Apart from the pictures, every entry below must be given again exactly.

[Collected data]

***

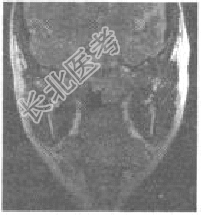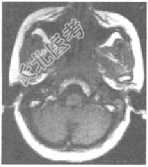 - [材料题] 患者,男性,53岁,发现鼻塞及左侧颈部包块、面部疼痛1个月余,查体左颈部有一质硬包块。MRI如下图所示:
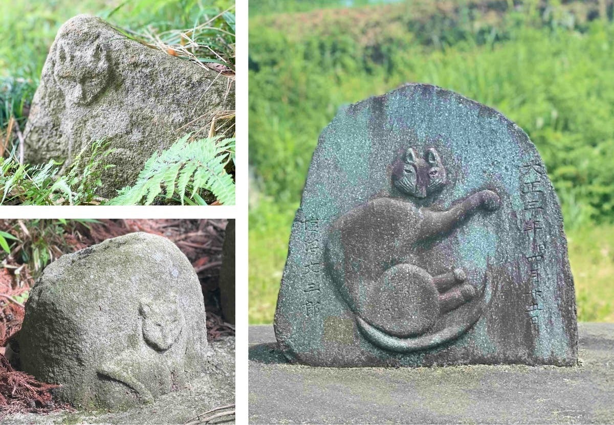 丸森町の猫碑の様子(1)養蚕が盛んだった時代、丸森町では、お蚕様や繭にいたずらするネズミを駆除してくれる「猫」を大切にしていました。そして、猫の石碑を「猫神様」としてあがめる文化がありました。
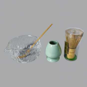 Chasen: Bambu Stand Chasen: Keramik Chawan: Kaca Chasaku: Bambu
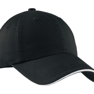 This popular style, with its contrast sandwich bill, has an exceptionally soft feel and appearance—thanks to an garment wash. | Fabric: 100% garment-washed cotton twill Structure: Unstructured Profile: Low Closure: Hook and loop
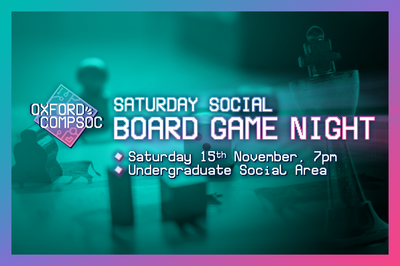 This Saturday, it's time to relax! For the second event in our double header this week, we'll be back in the Undergraduate Social Area as usual for a familiar Saturday Social — a board game night! From 7pm onwards, we'll kick back and enjoy some of CompSoc's wide range of board games, aided and abetted by pizza and snacks. Who could say no?
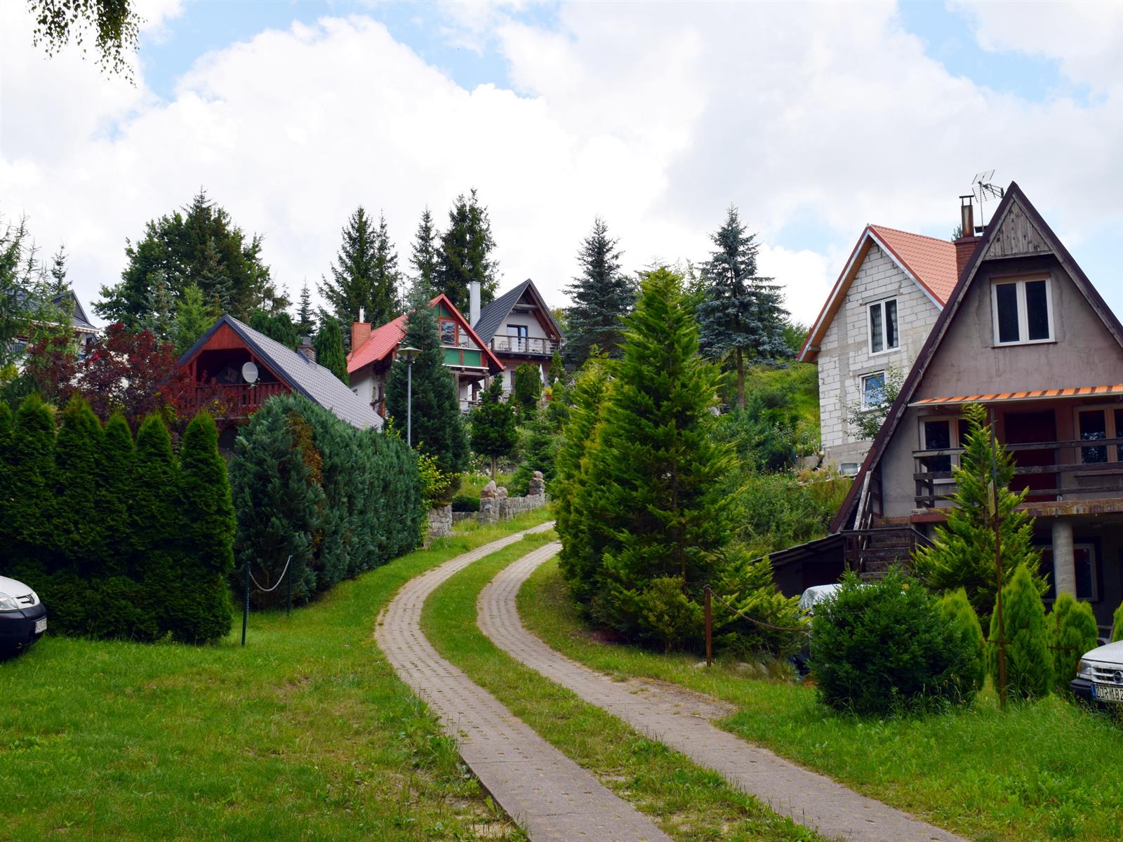 Kształt działki nieregularny, zbliżony do prostokąta o szerokości ok. 25 m i długości ok. 26, pozwala na praktyczne zagospodarowanie działki. Kompleks działek otoczony jest lasem z pięknym iglastym i liściastym starodrzewem przylegającym bezpośrednio do oferowanej nieruchomości. Wysokie, gęsto porastające wzgórze drzewa i krzewy stwarzają doskonałe warunki do wypoczynku, zapewniając poczucie prywatności i intymności.
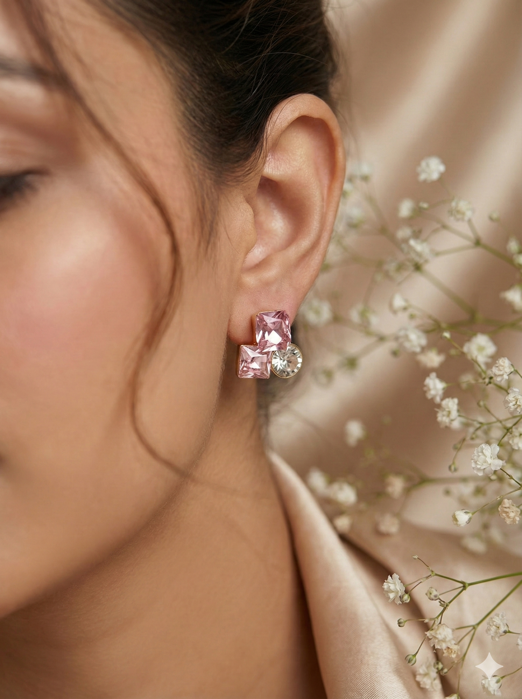 Elegant Pink & Crystal Stud Earrings – Dual Gemstone Design
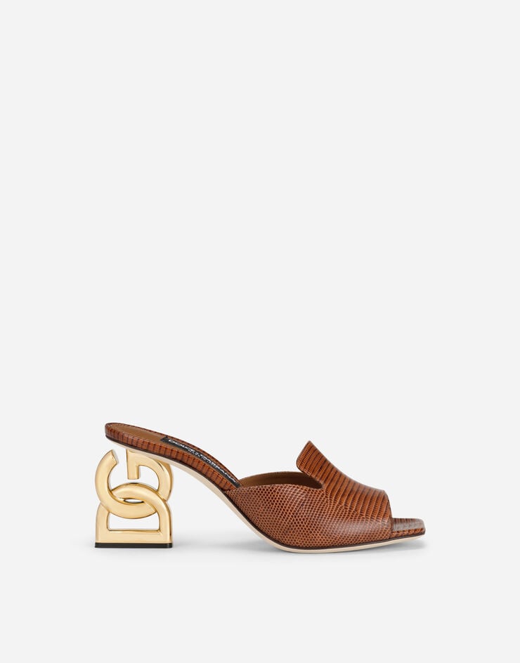 Le mules in pelle di vitello con stampa iguana e tacco da 3,5 pollici di Dolce & Gabbana sono realizzate con materiali pregiati e incarnano l'eleganza italiana senza tempo.
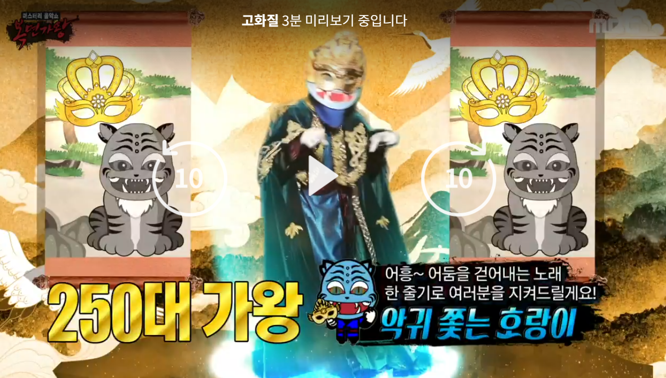 - 클립 영상: 인기 복면가의 무대나 정체 공개 장면. 복면가왕 플레이리스트 참고.
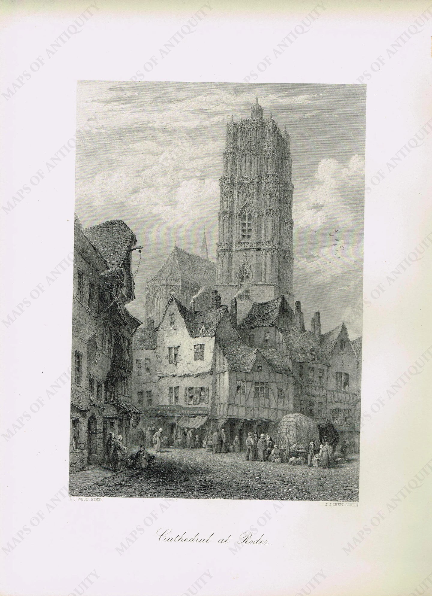 Antique steel engraving print published in Picturesque Europe by L. J. Wood, View of the Cathedral at Rodez with Medieval style house in foreground. Excellent condition with minimal signs of age as pictured. Measures approximately 8" x 11" to just outside the printed image including text.
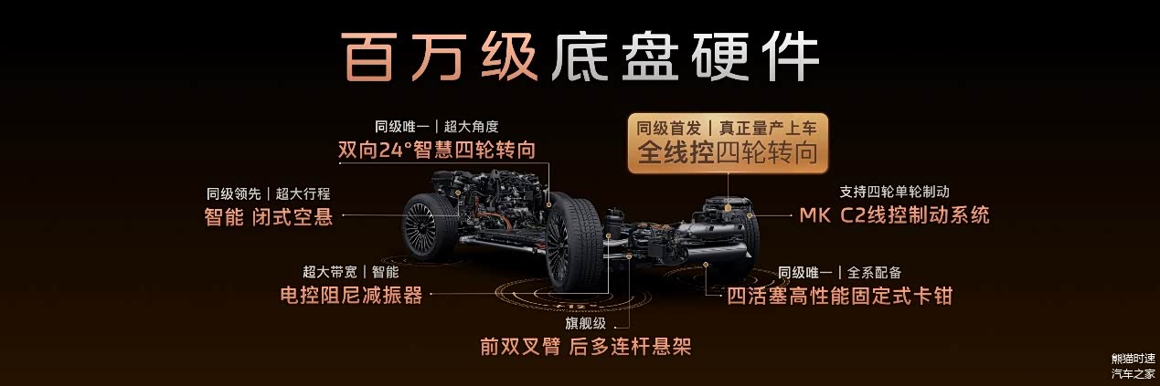 智己在全系车型上会有灵蜥数字底盘搭载,LS8当然也不例外,并且还用上3.0版本,也是一个显著的亮点之一,虽说现在越来越多车型开始使用线控转向+底盘一体化+后轮转向这样的技术,但从起步到成熟目前来看智己的经验和实际运用都是最多的品牌之一,就拿后轮转向来说双向24度角度大,这个角度越大车辆的用料要更扎实、电机功率要有保证,最终重要是轮控逻辑这套完整的研发,对工程师有很高的要求;试想5米多的中大型SUV有4.85米的转弯半径,跟MINI一样的调头能力,还会担心停车、调头的难吗?
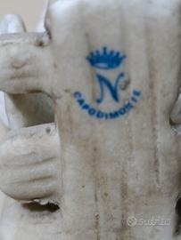 Statuetta in ceramica di Capodimonte, 8 x6 vintage, raffigurante 2 colombe bianche appollaiate su una panca decorata con fiori, simbolo d'amore, originale, da collezione.
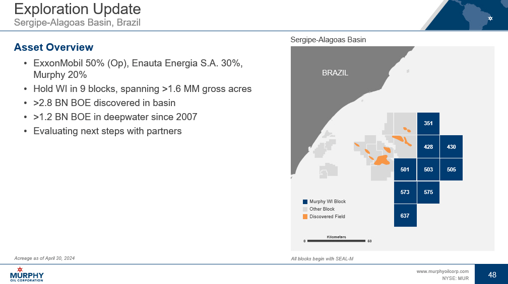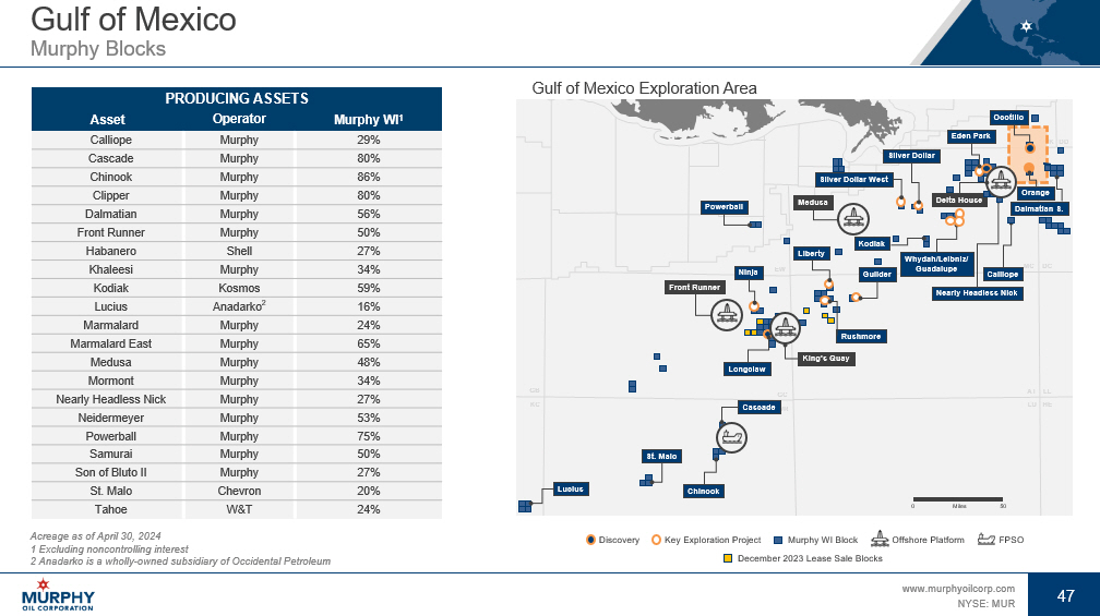 47 www.murphyoilcorp.com NYSE: MUR 47 Gulf of Mexico Murphy Blocks Acreage as of April 30, 2024 1 Excluding noncontrolling interest 2 Anadarko is a wholly - owned subsidiary of Occidental Petroleum PRODUCING ASSETS Murphy WI 1 Operator Asset 29% Murphy Calliope 80% Murphy Cascade 86% Murphy Chinook 80% Murphy Clipper 56% Murphy Dalmatian 50% Murphy Front Runner 27% Shell Habanero 34% Murphy Khaleesi 59% Kosmos Kodiak 16% Anadarko 2 Lucius 24% Murphy Marmalard 65% Murphy Marmalard East 48% Murphy Medusa 34% Murphy Mormont 27% Murphy Nearly Headless Nick 53% Murphy Neidermeyer 75% Murphy Powerball 50% Murphy Samurai 27% Murphy Son of Bluto II 20% Chevron St. Malo 24% W&T Tahoe Gulf of Mexico Exploration Area GC WR EW KC GB MC DC LU AT LL HE VK DD Miles 50 0 Offshore Platform FPSO Murphy WI Block Discovery Key Exploration Project Kodiak Front Runner Medusa Eden Park Calliope Nearly Headless Nick Guilder Silver Dollar West Silver Dollar Liberty Longclaw Powerball Ninja Cascade Chinook Lucius St. Malo Whydah/Leibniz/ Guadalupe December 2023 Lease Sale Blocks Delta House Rushmore King’s Quay Ocotillo Orange Dalmatian S.

***

Answer space.
 - [材料题] 患者,男性,53岁,发现鼻塞及左侧颈部包块、面部疼痛1个月余,查体左颈部有一质硬包块。MRI如下图所示:
 丸森町の猫碑の様子(1)養蚕が盛んだった時代、丸森町では、お蚕様や繭にいたずらするネズミを駆除してくれる「猫」を大切にしていました。そして、猫の石碑を「猫神様」としてあがめる文化がありました。
 Chasen: Bambu Stand Chasen: Keramik Chawan: Kaca Chasaku: Bambu
 This popular style, with its contrast sandwich bill, has an exceptionally soft feel and appearance—thanks to an garment wash. | Fabric: 100% garment-washed cotton twill Structure: Unstructured Profile: Low Closure: Hook and loop
 This Saturday, it's time to relax! For the second event in our double header this week, we'll be back in the Undergraduate Social Area as usual for a familiar Saturday Social — a board game night! From 7pm onwards, we'll kick back and enjoy some of CompSoc's wide range of board games, aided and abetted by pizza and snacks. Who could say no?
 Kształt działki nieregularny, zbliżony do prostokąta o szerokości ok. 25 m i długości ok. 26, pozwala na praktyczne zagospodarowanie działki. Kompleks działek otoczony jest lasem z pięknym iglastym i liściastym starodrzewem przylegającym bezpośrednio do oferowanej nieruchomości. Wysokie, gęsto porastające wzgórze drzewa i krzewy stwarzają doskonałe warunki do wypoczynku, zapewniając poczucie prywatności i intymności.
 Elegant Pink & Crystal Stud Earrings – Dual Gemstone Design
 Le mules in pelle di vitello con stampa iguana e tacco da 3,5 pollici di Dolce & Gabbana sono realizzate con materiali pregiati e incarnano l'eleganza italiana senza tempo.
 - 클립 영상: 인기 복면가의 무대나 정체 공개 장면. 복면가왕 플레이리스트 참고.
 Antique steel engraving print published in Picturesque Europe by L. J. Wood, View of the Cathedral at Rodez with Medieval style house in foreground. Excellent condition with minimal signs of age as pictured. Measures approximately 8" x 11" to just outside the printed image including text.
 智己在全系车型上会有灵蜥数字底盘搭载,LS8当然也不例外,并且还用上3.0版本,也是一个显著的亮点之一,虽说现在越来越多车型开始使用线控转向+底盘一体化+后轮转向这样的技术,但从起步到成熟目前来看智己的经验和实际运用都是最多的品牌之一,就拿后轮转向来说双向24度角度大,这个角度越大车辆的用料要更扎实、电机功率要有保证,最终重要是轮控逻辑这套完整的研发,对工程师有很高的要求;试想5米多的中大型SUV有4.85米的转弯半径,跟MINI一样的调头能力,还会担心停车、调头的难吗?
 Statuetta in ceramica di Capodimonte, 8 x6 vintage, raffigurante 2 colombe bianche appollaiate su una panca decorata con fiori, simbolo d'amore, originale, da collezione.
 47 www.murphyoilcorp.com NYSE: MUR 47 Gulf of Mexico Murphy Blocks Acreage as of April 30, 2024 1 Excluding noncontrolling interest 2 Anadarko is a wholly - owned subsidiary of Occidental Petroleum PRODUCING ASSETS Murphy WI 1 Operator Asset 29% Murphy Calliope 80% Murphy Cascade 86% Murphy Chinook 80% Murphy Clipper 56% Murphy Dalmatian 50% Murphy Front Runner 27% Shell Habanero 34% Murphy Khaleesi 59% Kosmos Kodiak 16% Anadarko 2 Lucius 24% Murphy Marmalard 65% Murphy Marmalard East 48% Murphy Medusa 34% Murphy Mormont 27% Murphy Nearly Headless Nick 53% Murphy Neidermeyer 75% Murphy Powerball 50% Murphy Samurai 27% Murphy Son of Bluto II 20% Chevron St. Malo 24% W&T Tahoe Gulf of Mexico Exploration Area GC WR EW KC GB MC DC LU AT LL HE VK DD Miles 50 0 Offshore Platform FPSO Murphy WI Block Discovery Key Exploration Project Kodiak Front Runner Medusa Eden Park Calliope Nearly Headless Nick Guilder Silver Dollar West Silver Dollar Liberty Longclaw Powerball Ninja Cascade Chinook Lucius St. Malo Whydah/Leibniz/ Guadalupe December 2023 Lease Sale Blocks Delta House Rushmore King’s Quay Ocotillo Orange Dalmatian S.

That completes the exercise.